Beyond first line – Potential targets in high-risk and advanced cutaneous squamous cell carcinoma

Cutaneous Squamous Cell Carcinoma (cSCC) is the second most common human cancer in Canada, and the second most common skin cancer. In fair-skin individuals, the lifetime risk approaches 15-20%, second only to another skin cancer, basal cell carcinoma. Like other non-melanoma skin cancers, the incidence rates for cSCC have increased ~200% in the last decades and are still increasing. The risk of metastasis from cSCC is estimated at 4%, but in some high-risk tumors, such as those that are thick or those occurring on certain body locations (lips, ears), it can approach 16%. Although ultraviolet (UV) radiation is the major risk factor for developing cSCC, environmental exposures (radiation, arsenic, chemicals), viruses (HPV), and medical conditions (like solid organ transplantation) may worsen the risk of developing high-risk, advanced, and fatal cSCC, up to 250 times the risk in organ transplant patients. cSCC is responsible of more than double the absolute number of deaths from melanoma, with a societal cost 50% higher. Surgery remains the primary modality for cSCC patients. Radiation may be used in certain cases as well. Systemic options are extremely sparse. First-line anti-PD-1 therapy has been used for locally advanced and metastatic cSCC, with an overall response rate of ~50%. However, if this fails, no other options exist. Targeted therapies, including EGFR inhibitors, have all given very poor survival benefits. Thus, there is a significant need to identify novel therapeutic options and to understand the progression from high-risk cSCC to advanced cSCC at a molecular level.

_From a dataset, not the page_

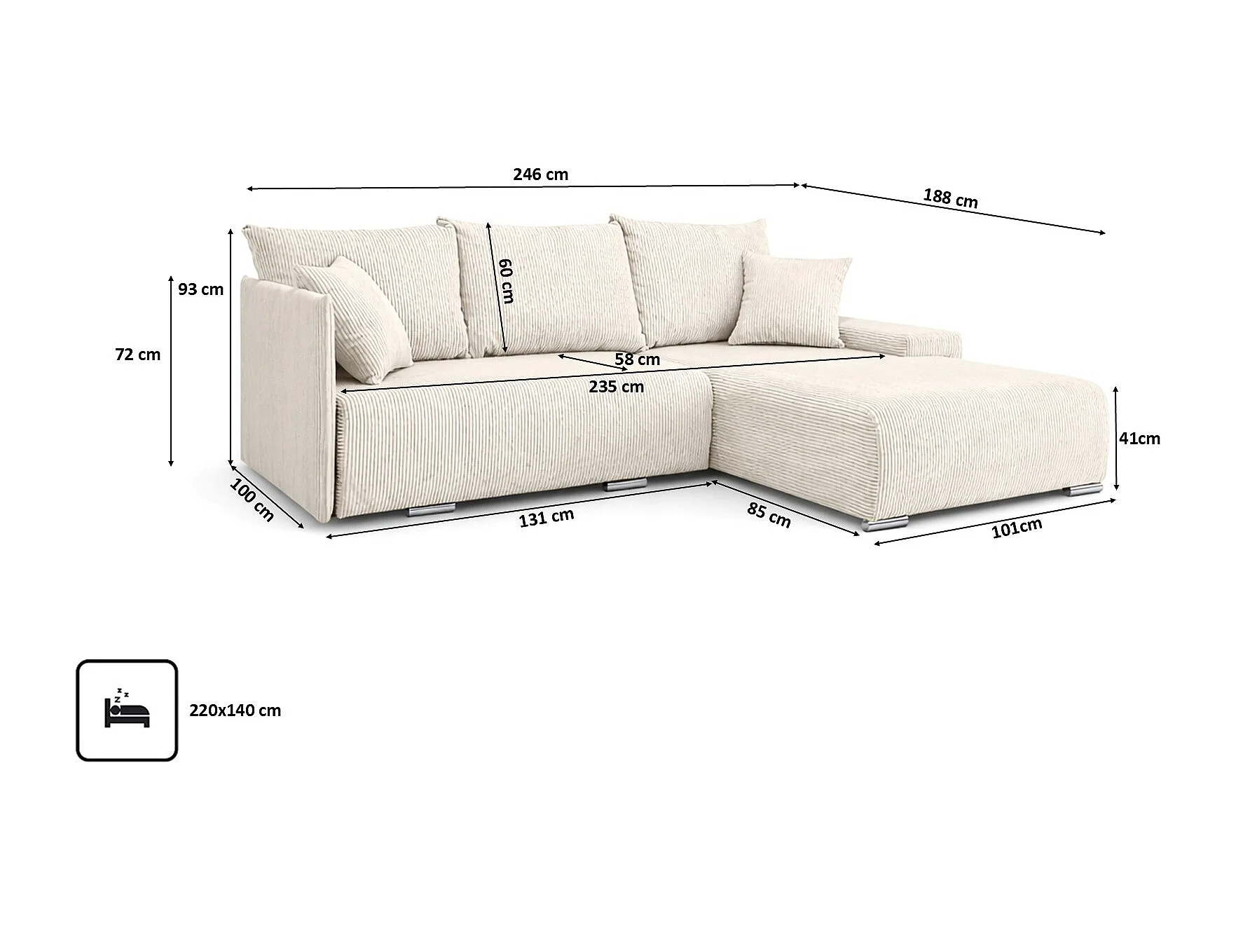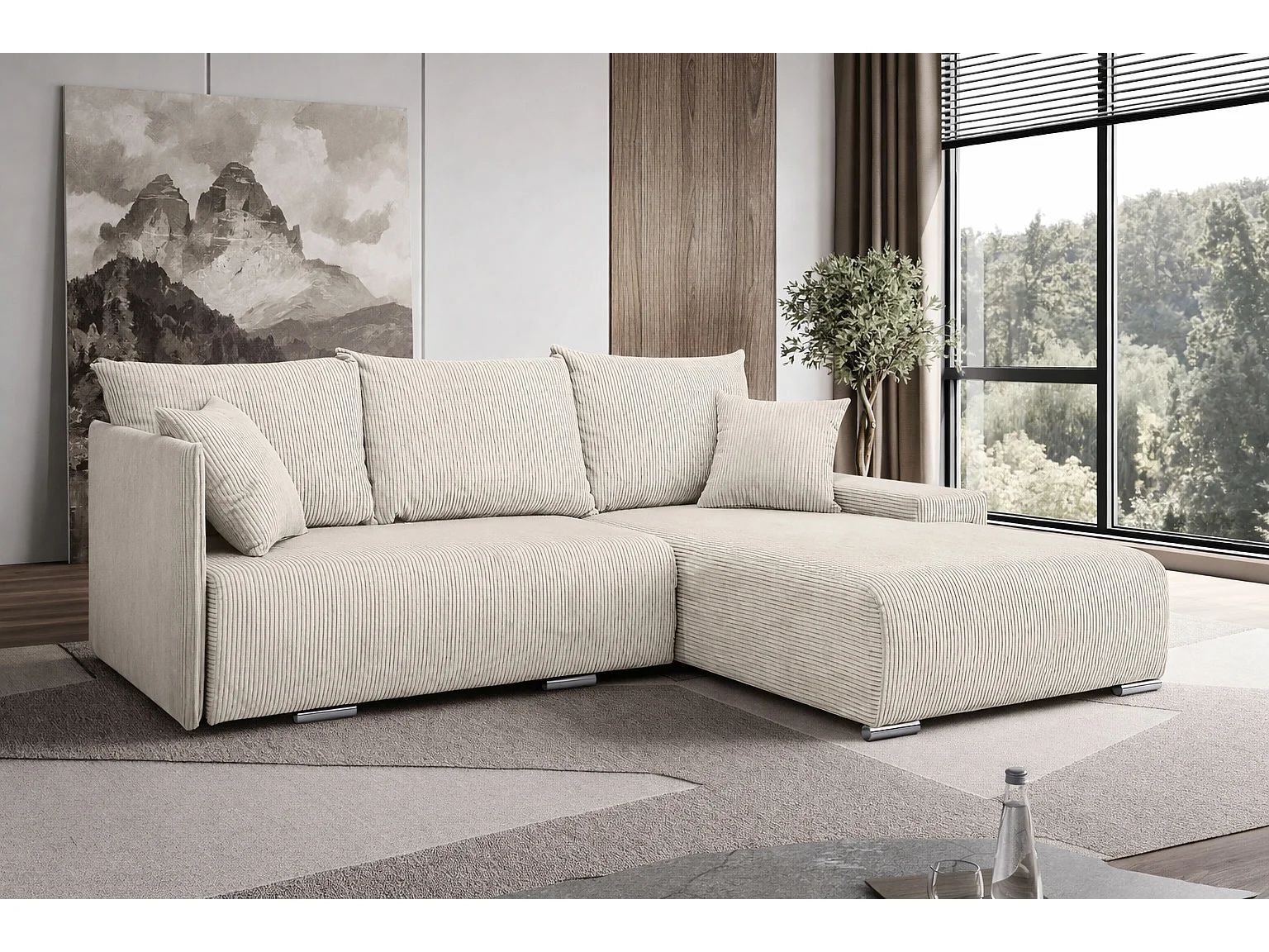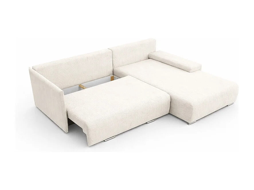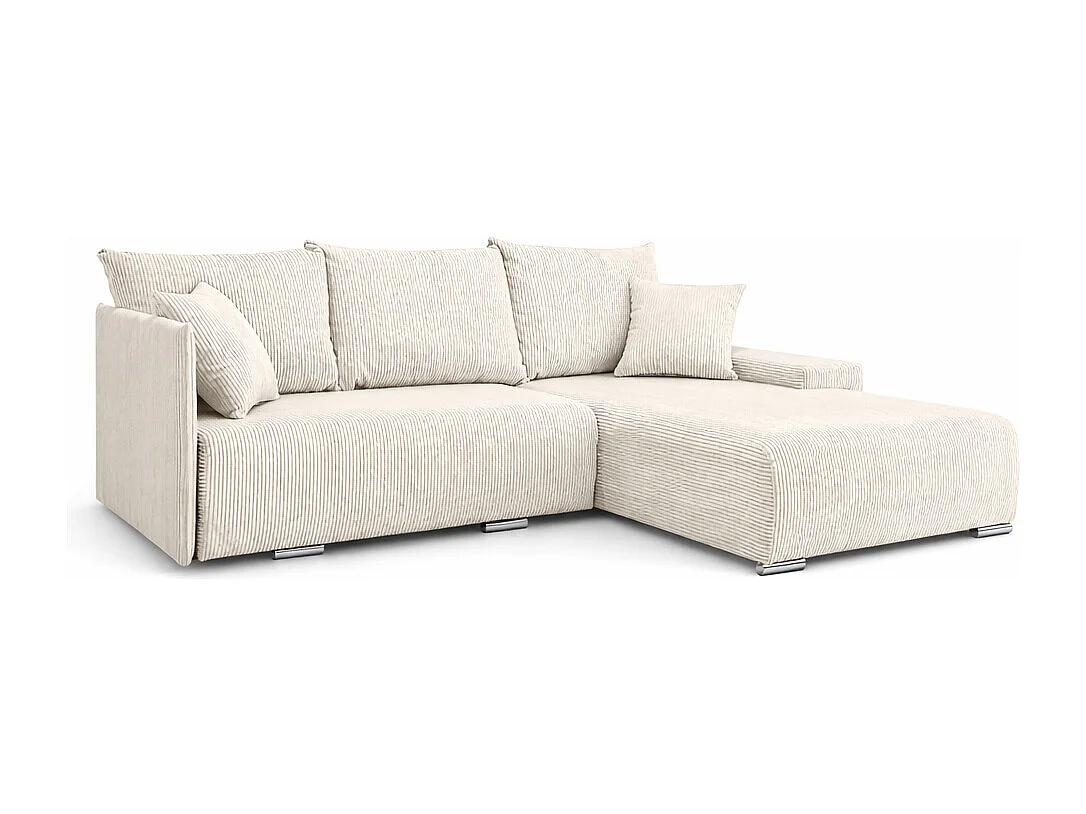 Canapé d'angle, Canapé en L, Tissu côtelé Poso, Écru, Droite, Livorno L

The JGH skin cancer biobanking initiative broadly collects patient-derived tumors from all types of skin cancers, including the 3 most common varieties – basal cell carcinoma, squamous cell carcinoma, and melanoma, and from all stages (early low risk, early high risk, locally advanced, recurrent, metastatic, resistant to therapy). Our biobank takes advantage of unique multidisciplinary skin cancer clinics (melanoma, non-melanoma skin cancer, cutaneous lymphoma) and a busy Mohs micrographic surgery centre, having a catchment area across Québec and Eastern Canada. Our biobank is both retrospective and prospective as a second-generation biobank. For example, a patient might come with a high-risk primary, then with a local metastasis, undergo immunotherapy, and then experience a skin relapse – for which all the events would be collected through tissue sampling.

Using precision medicine, we aim to identify potential molecular targets for eventual testing in experimental models (cell line, xenografts) towards development of novel therapeutics. Given the shear volume of cSCC cases, prediction of those that are more likely to spread and recur, for more aggressive initial management, would improve patients’ outcomes and quality of life. Given their high tumor burden (50 mutations per megabase), second only to basal cell carcinoma, these accessible tumors are a great model to understand tumor heterogeneity and cellular changes in the microenvironment. Finally, cSCC are quite understudied despite their high prevalence, relatively high absolute mortality, and importantly, extreme morbidity (even local cases may lead to non-healing wounds, impaired quality of life from large surgeries) – we hope to raise more awareness on this preventable cancer.